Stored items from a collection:
---------------

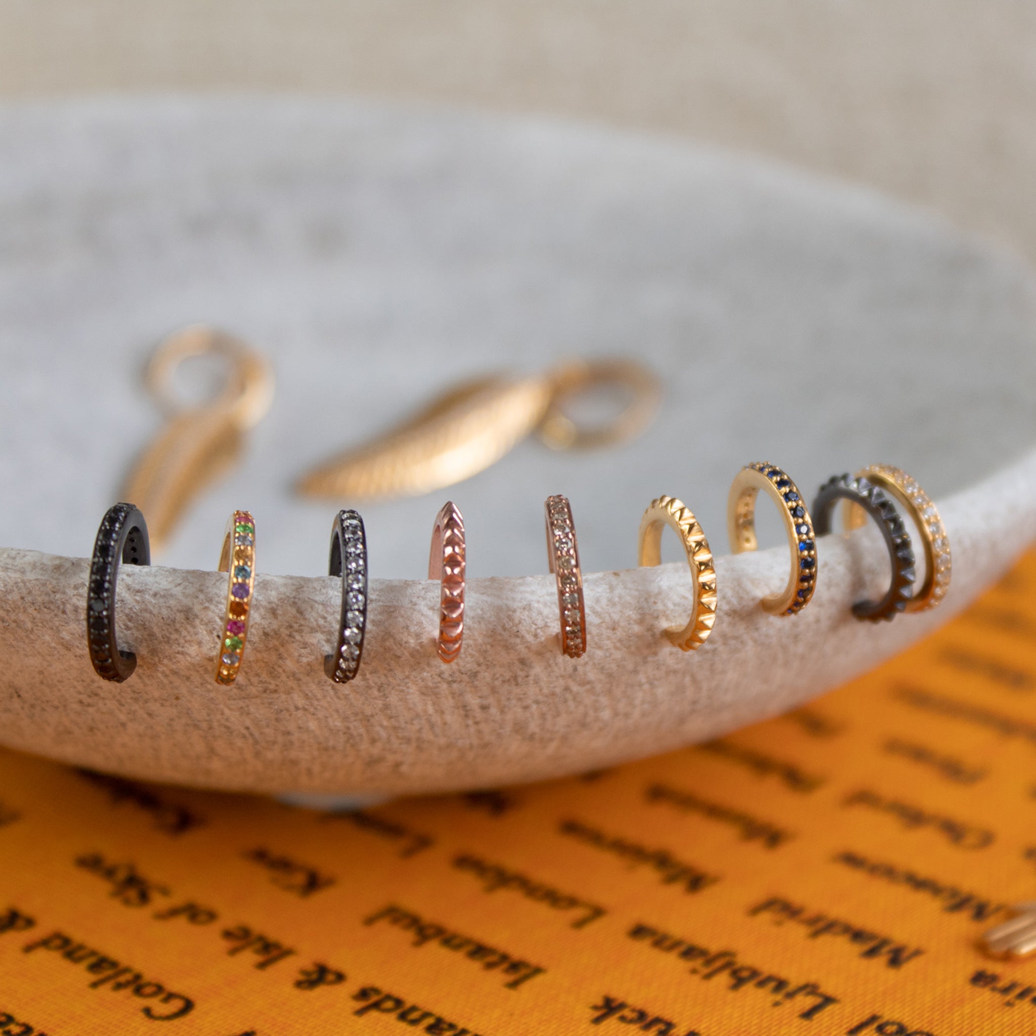 Build you ear stack wether you have ear piercings or not. Made from 18ct rose gold plated vermeil on sterling silver using 3 microns of gold to ensure long lasting wear. Features a sparkling grey diamond pave'. Simply slip it on your ear and slide it up and down to find the perfect fit. Stack it with one or more ear cuffs from the collection to build your look.
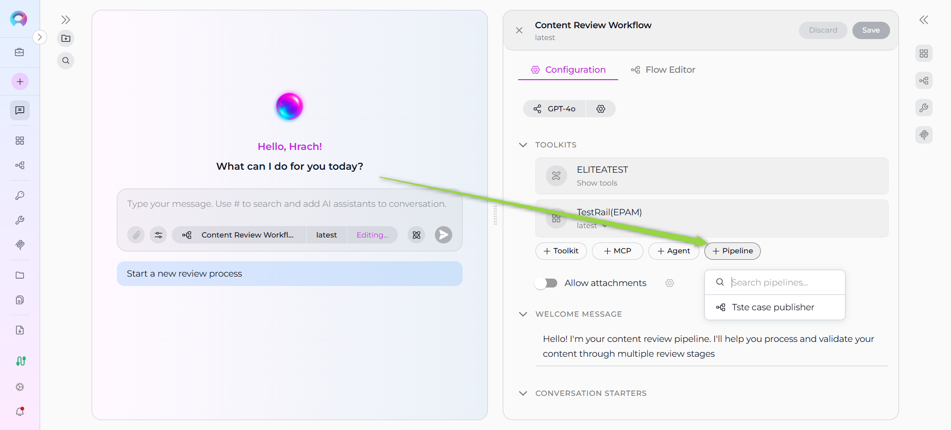 The Pipeline Canvas feature in ELITEA provides a powerful and intuitive way to manage AI pipeline creation and configuration directly from your chat interface. By following the practices outlined in this guide, you can effectively create, configure, and manage pipelines that enhance your development workflows and team collaboration.
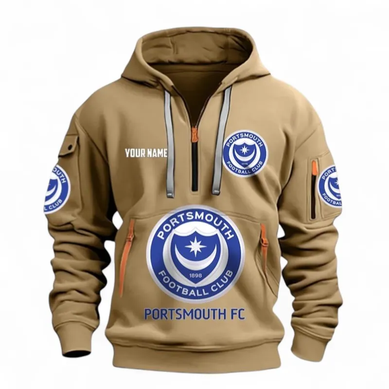 Portsmouth Fans Gift Hoodie Half Zipper, All Over Print Hoodie Half Zipper For Sport Fan, Custom Name EPL116073125012-Khaki
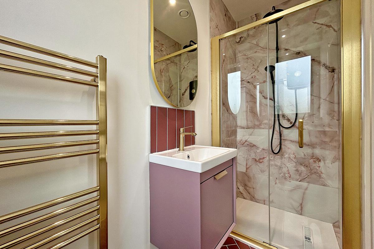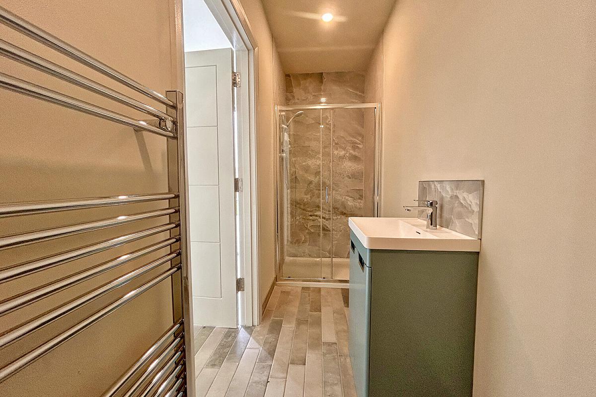 Tiled shower cubicle; toilet; wash hand basin; towel radiator; tiled floor.
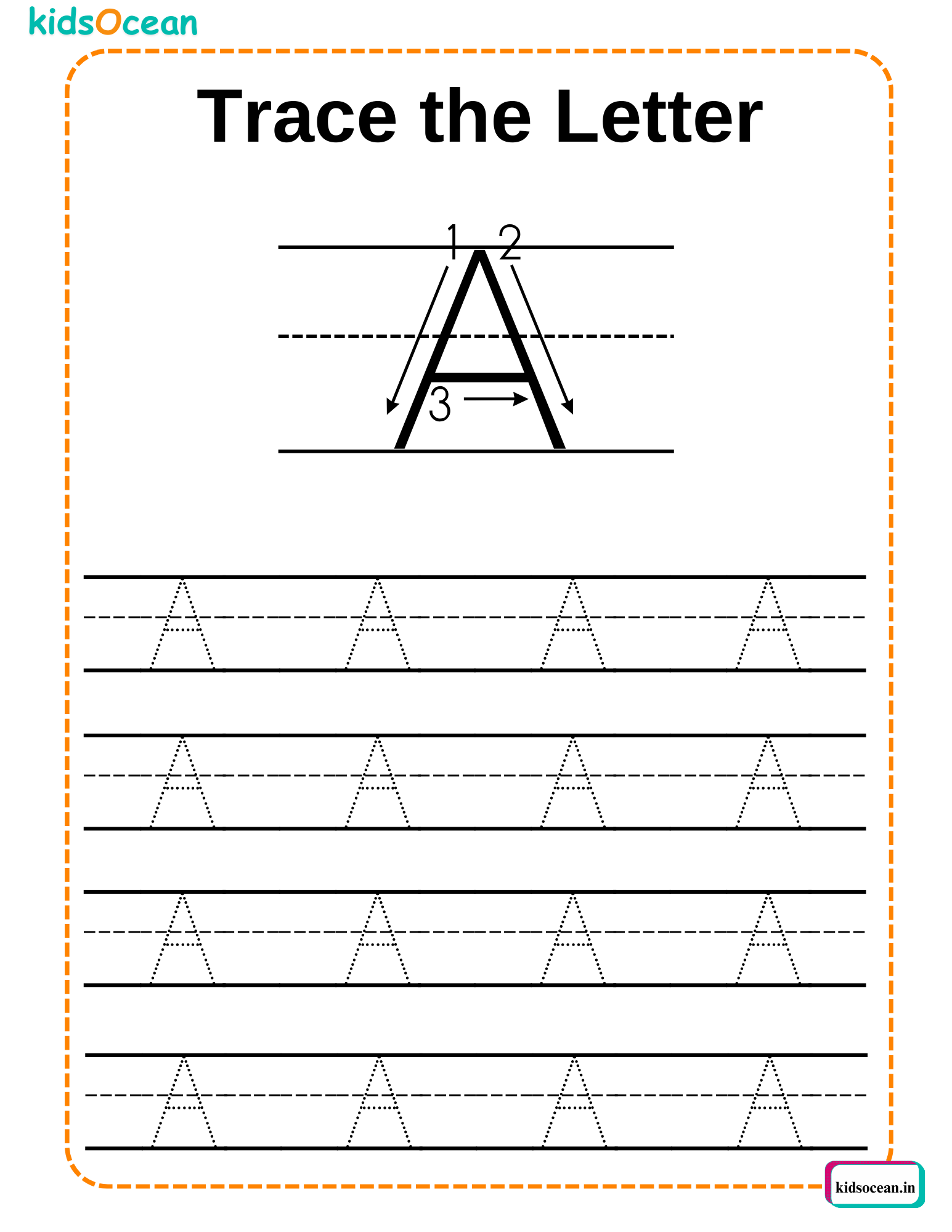 A “trace the letter kids worksheet” is a learning tool designed to help young children practice writing individual letters of the alphabet. It typically consists of a page with large, dotted or dashed letter outlines. Children are instructed to trace over these outlines with a pencil or crayon, following the dotted or dashed path. This exercise helps them develop fine motor skills, letter recognition, and letter formation.
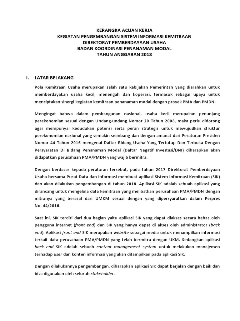 Daftar negatif investasi pdf. Mengingat PRESIDEN REPUBLIK INDONESIA - 2 - 1. Pasal 4 ayat (1) Undang-Undang Dasar Negara Republik Indonesia Tahun 1945; 2. Undang-Undang Nomor 25 Tahun 2007 tentang Penanaman Modal (Lembaran Negara Republik Indonesia Daftar Negatif Investasi di Indonesia. Dalam melakukan investasi di Indonesia, investor harus mematuhi beberapa aturan khusus yang dibuat oleh pemerintah, terutama mengenai jenis bisnis apa yang akan dibangun. Meskipun pemerintah menyambut sebanyak mungkin investor ke Indonesia, ada beberapa bisnis tertentu yang tidak diperbolehkan. ... DAFTAR NEGATIF INVESTASI PASCA DIUNDANGKANNYA PERPRES NOMOR 39 TAHUN 2014 BADAN KOORDINASI PENANAMAN MODAL Jakarta, 17 Juni 2014 . The Investment Coordinating Board of the Republic of Indonesia 2 MEKANISME PENYUSUNAN DNI 2014 . Indonesia Investment Coordinating Board I. Pendahuluan . Pengertian Daftar Negatif Investasi Daftar Negatif Investasi (DNI) adalah daftar yang dikeluarkan pemerintah mengenai usaha mana saja oleh perusahaan asing dan domestik yang dapat berinvestasi di Indonesia. Dalam hal ini juga daftar yang dimiliki cukup panjang, usaha yang ada dapat usaha terbuka atau usaha yang tertutup.
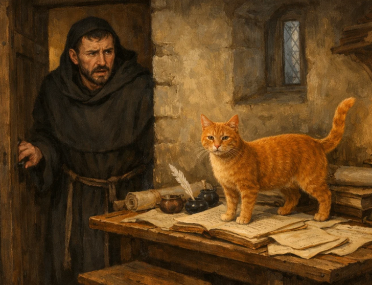 Где-то в 1420 году в уютном Девентере на просторах Нидерландов одному писцу пришлось срочно импровизировать из-за кошачьего каприза: пока монах спал, настырный кот забрался на стол и щедро пометил брошенную рукопись. Вместо того чтобы просто выбросить испорченный лист, удрученный писец превратил эту бытовую неприятность в мини-шедевр. Он оставил поверх приписку на латыни, в которой выбранил кота и предостерег коллег: не оставляйте работы без присмотра там, где по ночам хозяйничают коты. А также нарисовал забавную карикатуру на пушистого пакостника.
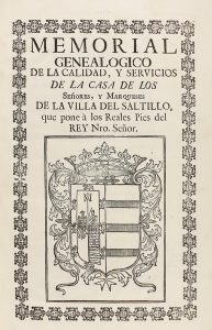 1747. (EJECUTORIA-GENEALOGIA-SALTILLO). MEMORIAL GENEALOGICO DE LA CALIDAD, Y SERVICIOS DE LA CASA DE LOS SEÑORES Y MARQUESES DE LA VILLA DEL SALTILLO. Carmona: 15 de Enero de 1747. Folio menor. 31 p. impresas. Escudo en portada. Blanco papel....
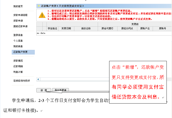 2、还款帐户变更(请使用支付宝帐户还款)
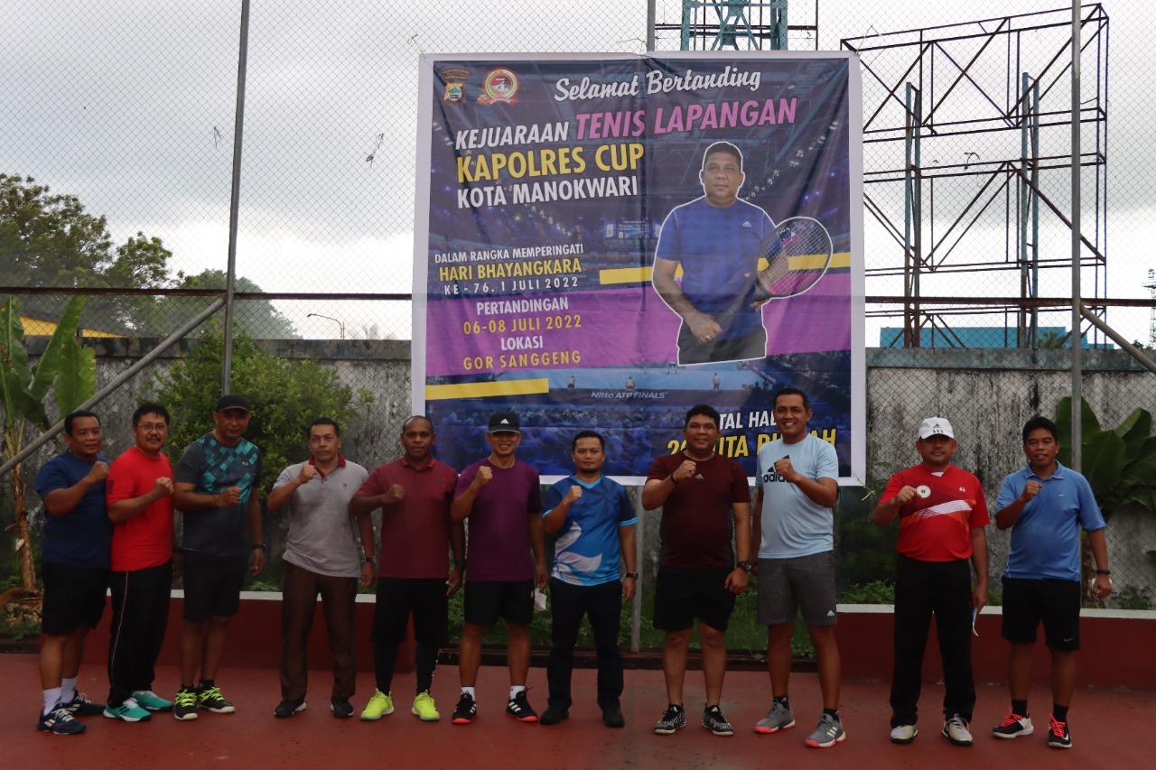 MediaSuaraMabes, Manokwari – Perlombaan Tenis Lapangan Kapolres Cup dalam rangka peringatan hari Bhayangkara ke-76 diikuti oleh 6(enam) Club, bertempat di lapangan Gor Sanggeng Kabupaten Manokwari. Rabu 06/07/2022.
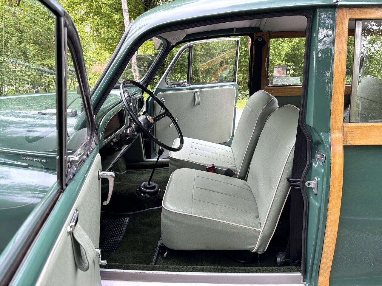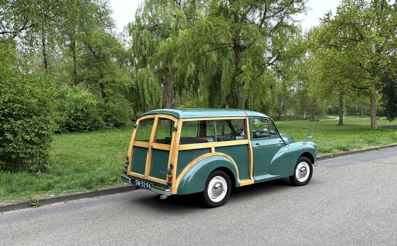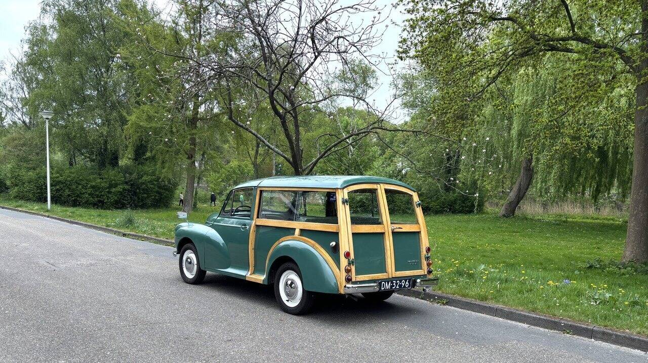 De Traveller is tijdens de restauratie overgespoten in de originele kleur “Almond Green" en de lak ziet er strak uit met enkele schoonheidsfoutjes. De buitenzijde ziet er gewoon mooi uit en de kleur is geweldig. Almond Green is nu een zeer geliefde Morris kleur, kijk maar naar de klassieke Mini. Ook het bekende essenhouten frame is compleet vernieuwd en gelakt net als de chromen bumpers. Er zijn toen nieuwe velgen met nieuwe banden gemonteerd met de mooie wieldoppen.
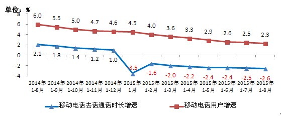 圖5 2014-2015年8月移動(dòng)電話通話量和移動(dòng)電話用戶同比增長(zhǎng)比較
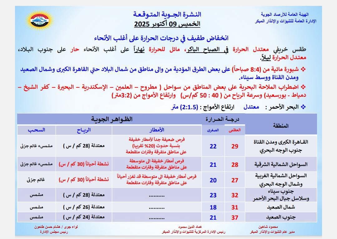كشفت الهيئة العامة للأرصاد الجوية، عن حالة الطقس اليوم الخميس 9 أكتوبر، حيث يشهد انخفاضا في درجات الحرارة على أغلب الأنحاء.
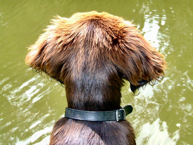 Mijn hond zat vlak voor me naar een paar watervogels te kijken.Heb ook hier alleen de belichting naderhand bijgesteld.
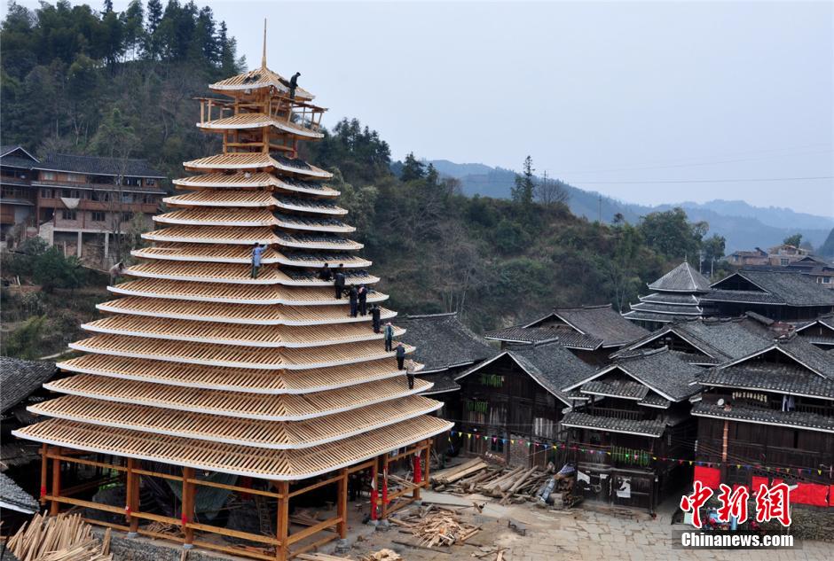 Dong people (a minority of China) build a drum tower to welcome the Chinese New Year in Pingyan village of Sanjiang county, south China’s Guangxi Zhuang autonomous region on Feb. 7, 2015. The drum tower is regarded as the soul of a Dong village and the construction is funded by all the villagers. (Chinanews/Gong Pukang)
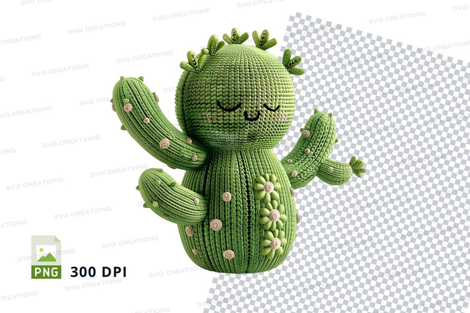 Cute cactus crochet toy smiling green handmade clipart PNG example image 1

---------------

__Directions for this task__
Wherever an image appears, omit it; copy the rest of the records exactly.

__Solution to the exercise__
 Build you ear stack wether you have ear piercings or not. Made from 18ct rose gold plated vermeil on sterling silver using 3 microns of gold to ensure long lasting wear. Features a sparkling grey diamond pave'. Simply slip it on your ear and slide it up and down to find the perfect fit. Stack it with one or more ear cuffs from the collection to build your look.
 The Pipeline Canvas feature in ELITEA provides a powerful and intuitive way to manage AI pipeline creation and configuration directly from your chat interface. By following the practices outlined in this guide, you can effectively create, configure, and manage pipelines that enhance your development workflows and team collaboration.
 Portsmouth Fans Gift Hoodie Half Zipper, All Over Print Hoodie Half Zipper For Sport Fan, Custom Name EPL116073125012-Khaki
 Tiled shower cubicle; toilet; wash hand basin; towel radiator; tiled floor.
 A “trace the letter kids worksheet” is a learning tool designed to help young children practice writing individual letters of the alphabet. It typically consists of a page with large, dotted or dashed letter outlines. Children are instructed to trace over these outlines with a pencil or crayon, following the dotted or dashed path. This exercise helps them develop fine motor skills, letter recognition, and letter formation.
 Daftar negatif investasi pdf. Mengingat PRESIDEN REPUBLIK INDONESIA - 2 - 1. Pasal 4 ayat (1) Undang-Undang Dasar Negara Republik Indonesia Tahun 1945; 2. Undang-Undang Nomor 25 Tahun 2007 tentang Penanaman Modal (Lembaran Negara Republik Indonesia Daftar Negatif Investasi di Indonesia. Dalam melakukan investasi di Indonesia, investor harus mematuhi beberapa aturan khusus yang dibuat oleh pemerintah, terutama mengenai jenis bisnis apa yang akan dibangun. Meskipun pemerintah menyambut sebanyak mungkin investor ke Indonesia, ada beberapa bisnis tertentu yang tidak diperbolehkan. ... DAFTAR NEGATIF INVESTASI PASCA DIUNDANGKANNYA PERPRES NOMOR 39 TAHUN 2014 BADAN KOORDINASI PENANAMAN MODAL Jakarta, 17 Juni 2014 . The Investment Coordinating Board of the Republic of Indonesia 2 MEKANISME PENYUSUNAN DNI 2014 . Indonesia Investment Coordinating Board I. Pendahuluan . Pengertian Daftar Negatif Investasi Daftar Negatif Investasi (DNI) adalah daftar yang dikeluarkan pemerintah mengenai usaha mana saja oleh perusahaan asing dan domestik yang dapat berinvestasi di Indonesia. Dalam hal ini juga daftar yang dimiliki cukup panjang, usaha yang ada dapat usaha terbuka atau usaha yang tertutup.
 Где-то в 1420 году в уютном Девентере на просторах Нидерландов одному писцу пришлось срочно импровизировать из-за кошачьего каприза: пока монах спал, настырный кот забрался на стол и щедро пометил брошенную рукопись. Вместо того чтобы просто выбросить испорченный лист, удрученный писец превратил эту бытовую неприятность в мини-шедевр. Он оставил поверх приписку на латыни, в которой выбранил кота и предостерег коллег: не оставляйте работы без присмотра там, где по ночам хозяйничают коты. А также нарисовал забавную карикатуру на пушистого пакостника.
 1747. (EJECUTORIA-GENEALOGIA-SALTILLO). MEMORIAL GENEALOGICO DE LA CALIDAD, Y SERVICIOS DE LA CASA DE LOS SEÑORES Y MARQUESES DE LA VILLA DEL SALTILLO. Carmona: 15 de Enero de 1747. Folio menor. 31 p. impresas. Escudo en portada. Blanco papel....
 2、还款帐户变更(请使用支付宝帐户还款)
 MediaSuaraMabes, Manokwari – Perlombaan Tenis Lapangan Kapolres Cup dalam rangka peringatan hari Bhayangkara ke-76 diikuti oleh 6(enam) Club, bertempat di lapangan Gor Sanggeng Kabupaten Manokwari. Rabu 06/07/2022.
 De Traveller is tijdens de restauratie overgespoten in de originele kleur “Almond Green" en de lak ziet er strak uit met enkele schoonheidsfoutjes. De buitenzijde ziet er gewoon mooi uit en de kleur is geweldig. Almond Green is nu een zeer geliefde Morris kleur, kijk maar naar de klassieke Mini. Ook het bekende essenhouten frame is compleet vernieuwd en gelakt net als de chromen bumpers. Er zijn toen nieuwe velgen met nieuwe banden gemonteerd met de mooie wieldoppen.
 圖5 2014-2015年8月移動(dòng)電話通話量和移動(dòng)電話用戶同比增長(zhǎng)比較
كشفت الهيئة العامة للأرصاد الجوية، عن حالة الطقس اليوم الخميس 9 أكتوبر، حيث يشهد انخفاضا في درجات الحرارة على أغلب الأنحاء.
 Mijn hond zat vlak voor me naar een paar watervogels te kijken.Heb ook hier alleen de belichting naderhand bijgesteld.
 Dong people (a minority of China) build a drum tower to welcome the Chinese New Year in Pingyan village of Sanjiang county, south China’s Guangxi Zhuang autonomous region on Feb. 7, 2015. The drum tower is regarded as the soul of a Dong village and the construction is funded by all the villagers. (Chinanews/Gong Pukang)
 Cute cactus crochet toy smiling green handmade clipart PNG example image 1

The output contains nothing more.